CreateTableOne2 <- function (vars, strata, data, factorVars, includeNA = FALSE, 
          test = TRUE, testApprox = chisq.test, argsApprox = list(correct = TRUE), 
          testExact = fisher.test, argsExact = list(workspace = 2 * 
                                                      10^5), testNormal = oneway.test, argsNormal = list(var.equal = TRUE), 
          testNonNormal = kruskal.test, argsNonNormal = list(NULL), 
          smd = TRUE, addOverall = FALSE, ...) 
{
  tableone:::ModuleStopIfNotDataFrame(data)
  if (missing(vars)) {
    vars <- names(data)
  }
  vars <- tableone:::ModuleReturnVarsExist(vars, data)
  tableone:::ModuleStopIfNoVarsLeft(vars)
  varLabels <- labelled::var_label(data[vars])
  if (!missing(factorVars)) {
    factorVars <- tableone:::ModuleReturnVarsExist(factorVars, data)
    data[factorVars] <- lapply(data[factorVars], factor)
  }
  test <- tableone:::ModuleReturnFalseIfNoStrata(strata, test)
  smd <- tableone:::ModuleReturnFalseIfNoStrata(strata, smd)
  percentMissing <- tableone:::ModulePercentMissing(data[vars])
  varClasses <- lapply(data[vars], class)
  varFactors <- sapply(varClasses, function(VEC) {
    any(VEC %in% c("factor", "ordered", "logical", "character"))
  })
  varFactors <- names(varFactors)[varFactors]
  varNumerics <- sapply(varClasses, function(VEC) {
    any(VEC %in% c("numeric", "integer", "double"))
  })
  varNumerics <- names(varNumerics)[varNumerics]
  varDrop <- setdiff(vars, c(varFactors, varNumerics))
  if (length(varDrop) > 0) {
    warning("Dropping variable(s) ", paste0(varDrop, sep = " "), 
            " due to unsupported class.\n")

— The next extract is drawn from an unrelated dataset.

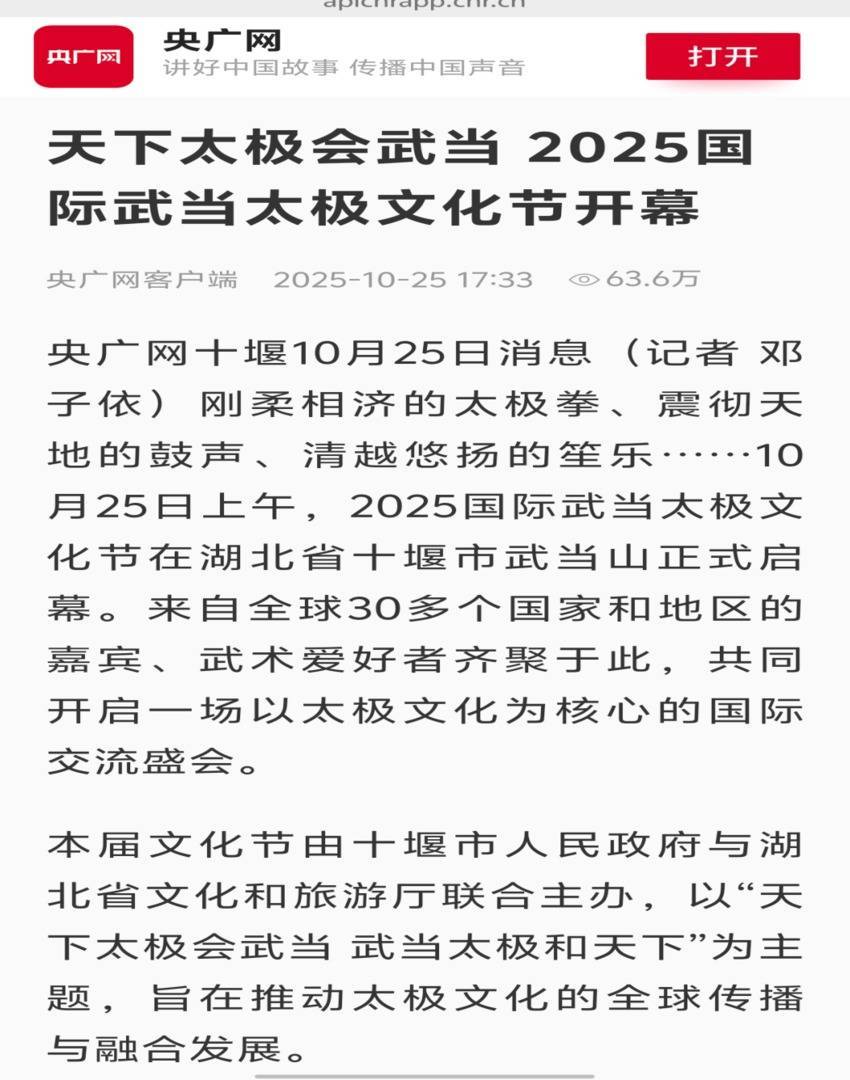 ▲央级媒体高频聚焦2025国际武当太极文化节开幕式

    vars <- setdiff(vars, varDrop)
  }
  logiFactors <- vars %in% varFactors
  argsCreateContTable <- list(data = data, test = test, testNormal = testNormal, 
                              argsNormal = argsNormal, testNonNormal = testNonNormal, 
                              argsNonNormal = argsNonNormal, smd = smd, addOverall = addOverall)
  argsCreateCatTable <- list(data = data, includeNA = includeNA, 
                             test = test, testApprox = testApprox, argsApprox = argsApprox, 
                             testExact = testExact, argsExact = argsExact, smd = smd, 
                             addOverall = addOverall)
  if (!missing(strata)) {
    dfStrata <- tableone:::ModuleReturnStrata(strata, data)

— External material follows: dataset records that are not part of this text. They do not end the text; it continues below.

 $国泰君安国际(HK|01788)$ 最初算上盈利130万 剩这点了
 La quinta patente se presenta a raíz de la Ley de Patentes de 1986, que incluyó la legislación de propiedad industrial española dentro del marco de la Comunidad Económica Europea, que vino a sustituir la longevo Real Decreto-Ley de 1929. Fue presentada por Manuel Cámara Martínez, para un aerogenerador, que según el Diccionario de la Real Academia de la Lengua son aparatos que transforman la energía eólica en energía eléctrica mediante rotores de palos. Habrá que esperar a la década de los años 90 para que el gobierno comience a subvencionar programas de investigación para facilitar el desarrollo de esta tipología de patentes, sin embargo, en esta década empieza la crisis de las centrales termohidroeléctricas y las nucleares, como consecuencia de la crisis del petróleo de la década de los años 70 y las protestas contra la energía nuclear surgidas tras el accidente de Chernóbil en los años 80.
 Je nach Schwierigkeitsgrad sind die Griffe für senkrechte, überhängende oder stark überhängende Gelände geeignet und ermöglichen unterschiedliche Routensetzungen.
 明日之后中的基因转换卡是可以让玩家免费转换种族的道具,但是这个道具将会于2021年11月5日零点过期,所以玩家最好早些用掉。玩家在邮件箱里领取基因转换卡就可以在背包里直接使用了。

    strata <- names(dfStrata)
    argsCreateContTable <- c(list(strata = strata), argsCreateContTable)
    argsCreateCatTable <- c(list(strata = strata), argsCreateCatTable)
  }
  if (length(varNumerics) == 0) {
    ContTable <- NULL
    CatTable <- do.call(CreateCatTable, args = c(list(vars = varFactors), 
                                                 argsCreateCatTable))
  }
  else if (length(varFactors) == 0) {
    ContTable <- do.call(CreateContTable, args = c(list(vars = varNumerics), 
                                                   argsCreateContTable))
    CatTable <- NULL
  }
  else if ((length(varFactors) > 0) & (length(varNumerics) > 
                                       0)) {
    ContTable <- do.call(CreateContTable, args = c(list(vars = varNumerics), 
                                                   argsCreateContTable))

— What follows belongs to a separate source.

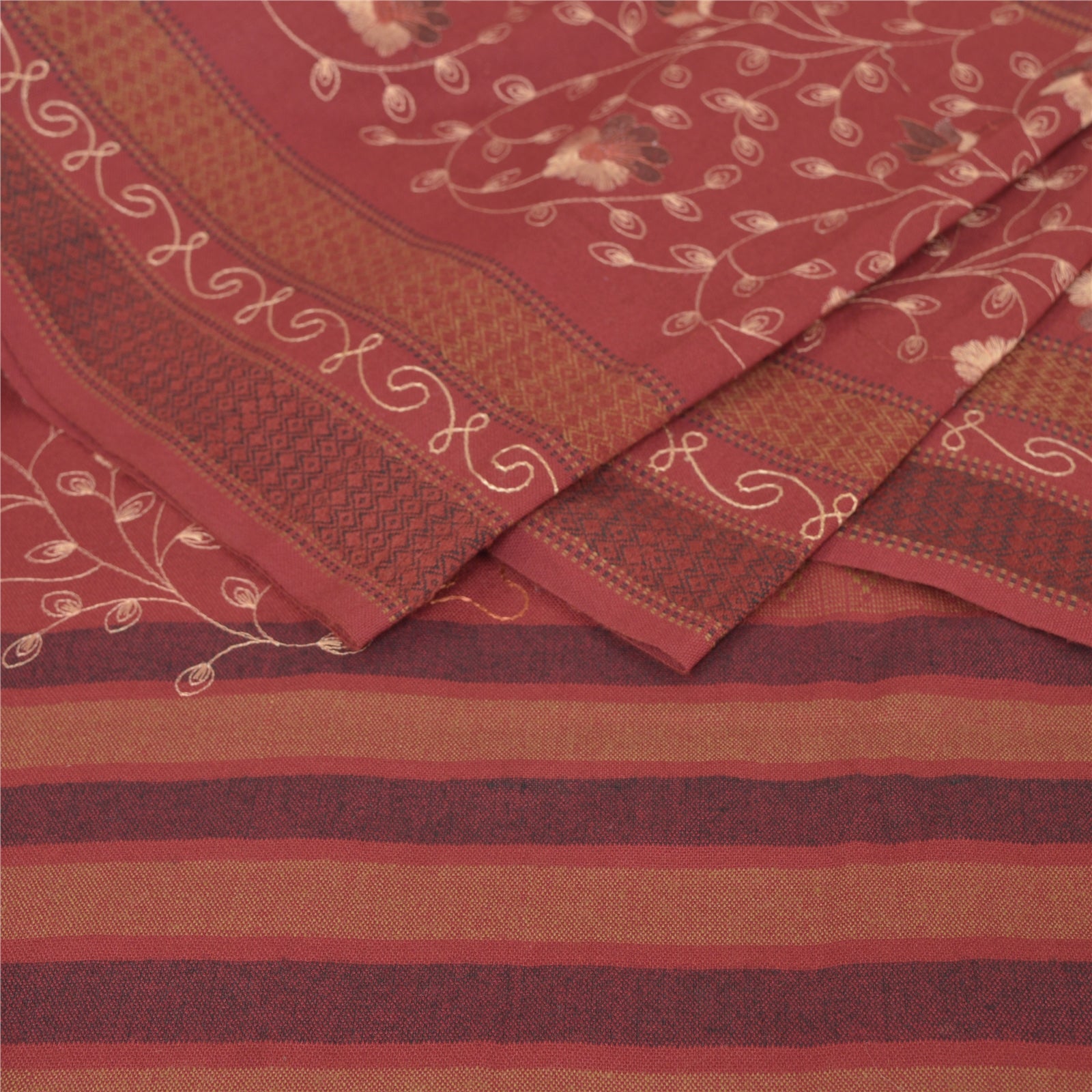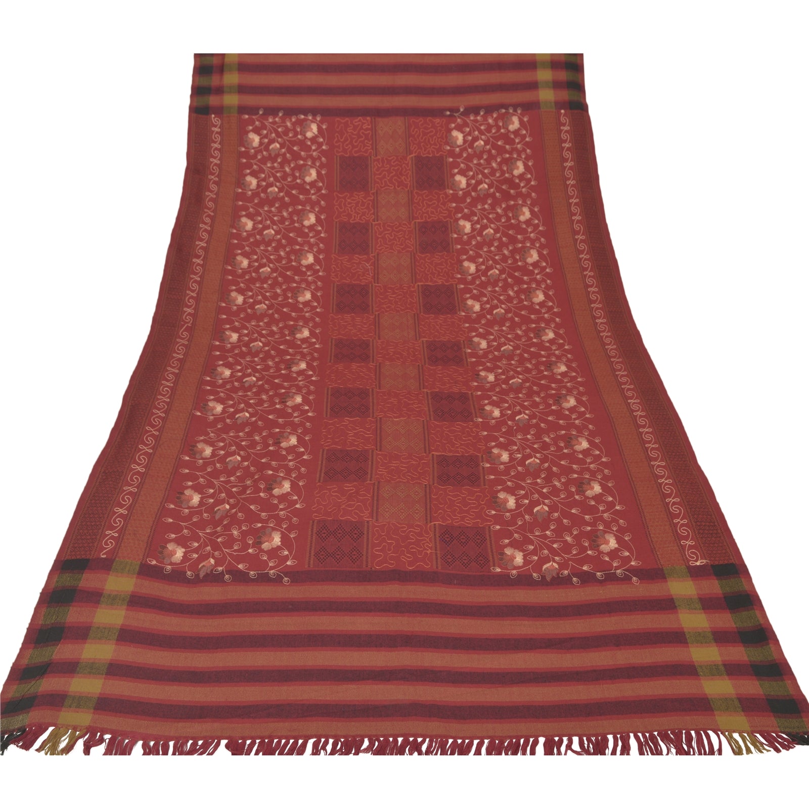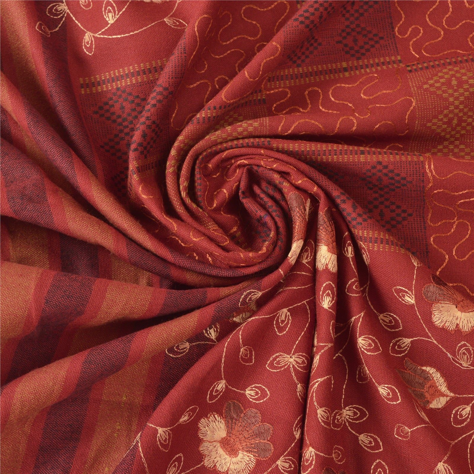 We Are Offering You A Vintage Rusty Orange Color Wool Stole/Shawl Which Adorns Embroidered Woven Work. The shawl or stole border features floral & geometric design with woven work. Multi color thread work in center portion of the shawl. Shawl has multi color fringes on both ends of borders. This cozy, warm and fuzzy stool is soft against skin due to the mellow woolen Sustainable Fabric. A truly gorgeous piece which will also make an admirable gift.

    CatTable <- do.call(CreateCatTable, args = c(list(vars = varFactors), 
                                                 argsCreateCatTable))
  }
  else {
    warning("No variables left to analyzed in vars.")
  }
  TableOneObject <- list(ContTable = ContTable, CatTable = CatTable, 
                         MetaData = list(vars = vars, logiFactors = logiFactors, 
                                         varFactors = varFactors, varNumerics = varNumerics, 
                                         percentMissing = percentMissing, varLabels = varLabels))
  class(TableOneObject) <- "TableOne"
  print(TableOneObject, ...)
}
CreateTableOne2(data = iris, vars= "Species", varLabels = TRUE)
#>                              
#>                               Overall    
#>   n                           150        
#>   That's an awesome label (%)            
#>      setosa                    50 (33.3) 
#>      versicolor                50 (33.3) 
#>      virginica                 50 (33.3)

Created on 2021-05-12 by the reprex package (v2.0.0)

kaz-yos commented 3 years ago

We probably have a philosophical difference here. I will not consider this PR.